* [Exercise data]
━━━━━━━━━━

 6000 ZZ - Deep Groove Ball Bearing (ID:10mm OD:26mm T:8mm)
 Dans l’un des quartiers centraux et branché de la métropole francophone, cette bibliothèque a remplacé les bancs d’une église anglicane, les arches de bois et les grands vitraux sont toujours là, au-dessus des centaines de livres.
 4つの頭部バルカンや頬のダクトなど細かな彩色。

━━━━━━━━━━

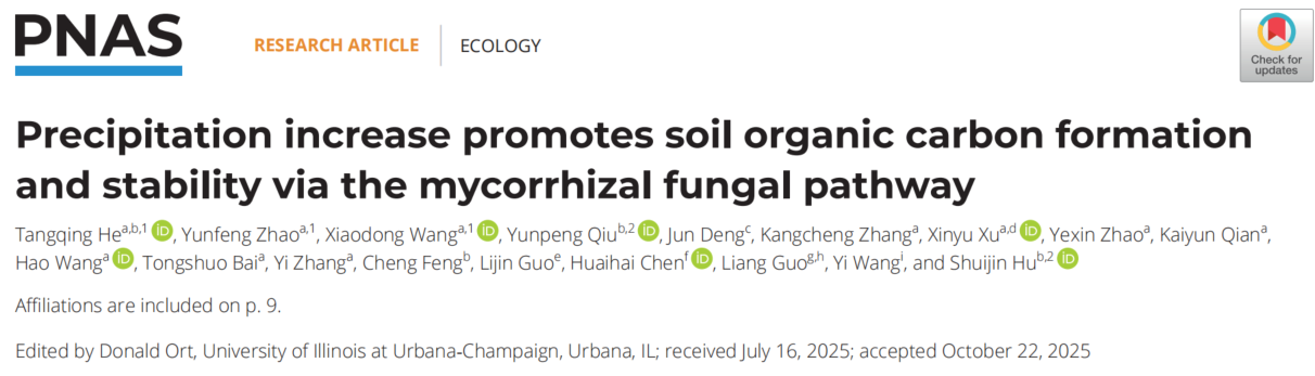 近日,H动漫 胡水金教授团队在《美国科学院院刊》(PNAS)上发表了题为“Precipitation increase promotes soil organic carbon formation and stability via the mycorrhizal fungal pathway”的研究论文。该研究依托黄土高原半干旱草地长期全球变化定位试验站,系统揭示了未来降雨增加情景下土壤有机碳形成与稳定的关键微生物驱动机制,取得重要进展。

━━━━━━━━━━

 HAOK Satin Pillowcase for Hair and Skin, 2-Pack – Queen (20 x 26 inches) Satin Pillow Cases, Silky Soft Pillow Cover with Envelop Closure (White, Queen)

━━━━━━━━━━

Look above for the line with "6000 ZZ - Deep" and the line with "4つの頭部バルカンや頬のダクトなど細かな彩色。". Write out those two lines and all the lines between them, exactly, and no others.

 6000 ZZ - Deep Groove Ball Bearing (ID:10mm OD:26mm T:8mm)
 Dans l’un des quartiers centraux et branché de la métropole francophone, cette bibliothèque a remplacé les bancs d’une église anglicane, les arches de bois et les grands vitraux sont toujours là, au-dessus des centaines de livres.
 4つの頭部バルカンや頬のダクトなど細かな彩色。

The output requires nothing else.